# AGENTS.md
Guidance for AI Agents writing tests for the Airflow MCP Server. The goals are fast, deterministic tests with comprehensive coverage of contracts (structured JSON outputs, statelessness, observability, and security checks).
## Test Suite Layout
- `test_imports.py`: Sanity import checks; ensures top-level modules import without side effects.
- `test_registry.py`: Instance registry parsing, env substitution, defaults, and error cases.
- `test_url_resolver.py`: URL → identifiers resolution (hostname match, routes, error paths).
- `test_url_builder.py`: UI URL construction from identifiers.
- `test_tools_readonly.py`: Read-only tools (dags, dag runs, logs, dataset events) – contract and routing.
- `test_tools_write.py`: Write tools (trigger, clear, pause/unpause) – annotations and payload shape.
- `test_observability.py`: Structured logging and `request_id` propagation; timeout handling on client config.
## Principles
- No real network calls.
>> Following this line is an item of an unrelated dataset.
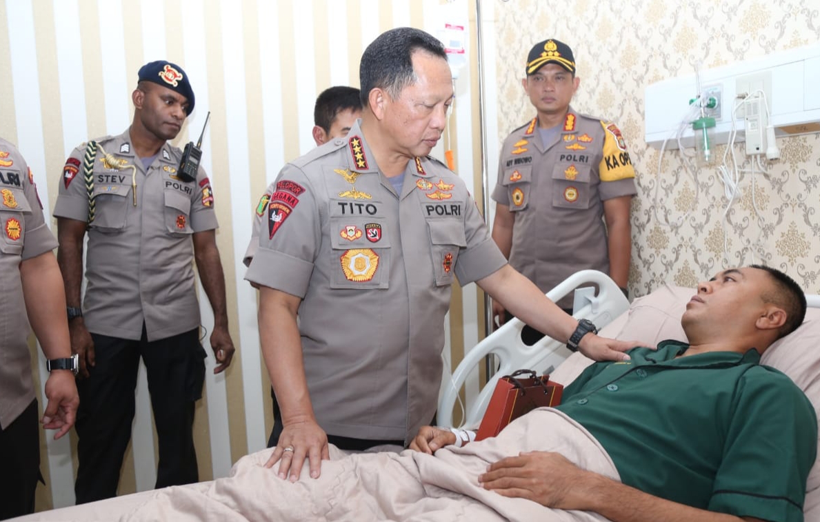 Setibanya di Rumah Saki, Kapolri langsung menyalami dan memberikan semangat kepada Anggota Polri yang sedang di rawat diantaranya Bripda M Yusuf dari kesatuan Brimob Polda Metro Jaya, Brigadir Mulyadi dari kesatuan Brimob Aceh, Bharada Rizky Ainul dari kesatuan Brimob Kedung Halang, Bripka Oktavina (Polwan) dari kesatuan Brimob Papua dan Bripda Serlina (Polwan) dari kesatuan Brimob Polda Kalteng.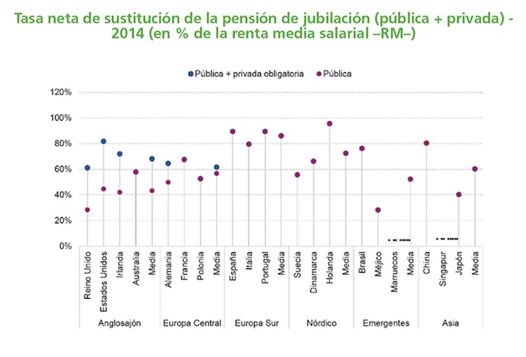 En Europa del Sur con modelos basados en pensiones públicas, la tasa se sitúa actualmente en el 80%, pero con un alto riesgo de sostenibilidad. En España estamos en el 80% pero se bajará al 50% en el sistema público. “Pero si somos astutos y empezamos a ahorrar no más, pero sí mejor podemos mantener tasas altas”. “En España hay ahorro suficiente”, dijo.

Patch the Airflow client import path (`airflow_mcp.client_factory._import_airflow_client`) and/or API classes.
- Isolate state. Reset the registry cache in fixtures; never rely on prior test ordering.
- Contract-first. Assert dict payloads on success (`request_id` present) and `ToolError` payloads (code/message/request_id) on failure.
- Stateliness enforced. Verify `instance` vs `ui_url` precedence and `INSTANCE_MISMATCH` errors.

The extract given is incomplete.